Data in pandas dataframe format.

store(store, key_prefix, df)[source]

Persist a DataFrame to the specified store.

The used store format (e.g. Parquet) will be appended to the key.

Parameters:
  • store (simplekv.KeyValueStore) – store engine
  • key_prefix (str) – Key prefix that specifies a path where object should be stored on the store resource. The used file format will be appended to the key.
  • df (pandas.DataFrame or pyarrow.Table) – DataFrame that shall be persisted
Returns:

The actual key where the DataFrame is stored.

Return type:

str

type_stable = True
kartothek.serialization.default_serializer()[source]
kartothek.serialization.check_predicates(predicates: Optional[List[List[Tuple[str, str, LiteralValue]]]]) → None[source]

Check if predicates are well-formed.

kartothek.serialization.columns_in_predicates(predicates: Optional[List[List[Tuple[str, str, LiteralValue]]]]) → Set[str][source]

Determine all columns which are mentioned in the list of predicates.

Parameters:predicates – The predicates to be scaned.
kartothek.serialization.filter_array_like(array_like, op, value, mask=None, out=None, strict_date_types=False, column_name=None)[source]

Filter an array-like object using operations defined in the predicates

Parameters:
  • array_like (array-like, c.f. pd.api.types.is_array_like) – The array like object to be filtered
  • op (string) –
  • value (object) –
  • mask (boolean array-like, optional) – A boolean array like object which will be combined with the result of this evaluation using a logical AND. If an array with all True is given, it will be the same result as if left empty
  • out (array-like) – An array into which the result is stored. If provided, it must have a shape that the inputs broadcast to. If not provided or None, a freshly-allocated array is returned.
  • strict_date_types (bool) – If False (default), cast all datelike values to datetime64 for comparison.
  • column_name (str, optional) – Name of the column where array_like originates from, used for nicer error messages.
kartothek.serialization.filter_df_from_predicates(df: pandas.core.frame.DataFrame, predicates: Optional[List[List[Tuple[str, str, LiteralValue]]]], strict_date_types: bool = False) → Optional[List[List[Tuple[str, str, LiteralValue]]]][source]

Filter a pandas.DataFrame based on predicates in disjunctive normal form.

Parameters:
  • df (pd.DataFrame) – The pandas DataFrame to be filtered
  • predicates (list of lists) – Predicates in disjunctive normal form (DNF). For a thorough documentation, see DataFrameSerializer.restore_dataframe If None, the df is returned unmodified
  • strict_date_types (bool) – If False (default), cast all datelike values to datetime64 for comparison.
Returns:

Return type:

pd.DataFrame

kartothek.serialization.filter_df(df, filter_query=None)[source]

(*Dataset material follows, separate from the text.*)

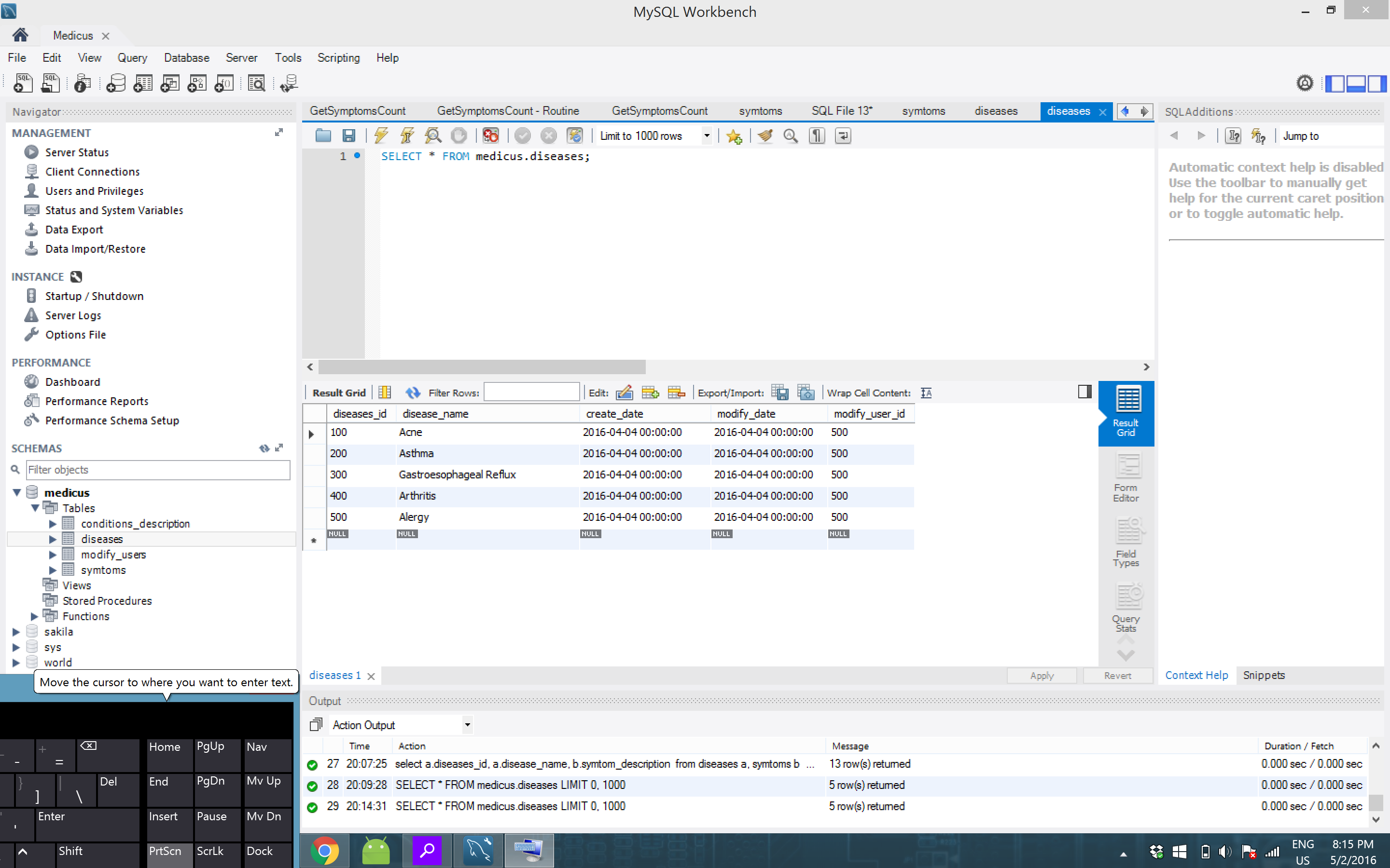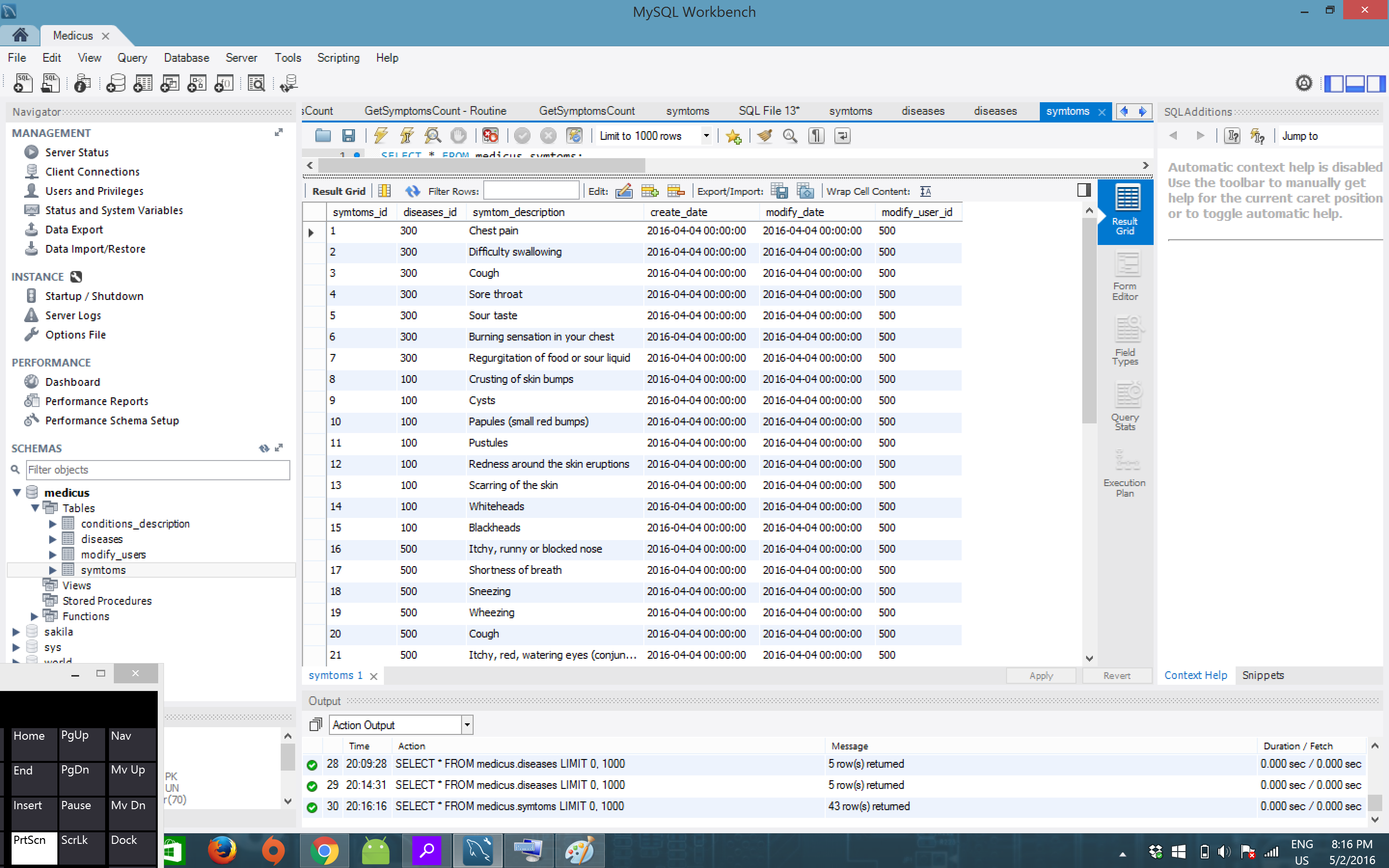 我想做的是,当用户输入一个症状时,它会遍历疾病表,找出与它相关的匹配症状,然后返回给出症状的疾病。

General implementation of query filtering.

Serialisation formats such as Parquet that support predicate push-down may pre-filter in their own implementations.

kartothek.serialization.filter_predicates_by_column(predicates: Optional[List[List[Tuple[str, str, LiteralValue]]]], columns: List[str]) → Optional[List[List[Tuple[str, str, LiteralValue]]]][source]

Takes a predicate list and removes all literals which are not referencing one of the given column

In [1]: from kartothek.serialization import filter_predicates_by_column

In [2]: predicates = [[("A", "==", 1), ("B", "<", 5)], [("C", "==", 4)]]

In [3]: filter_predicates_by_column(predicates, ["A"])
Out[3]: [[('A', '==', 1)]]
Parameters:
  • predicates – A list of predicates to be filtered
  • columns – A list of all columns allowed in the output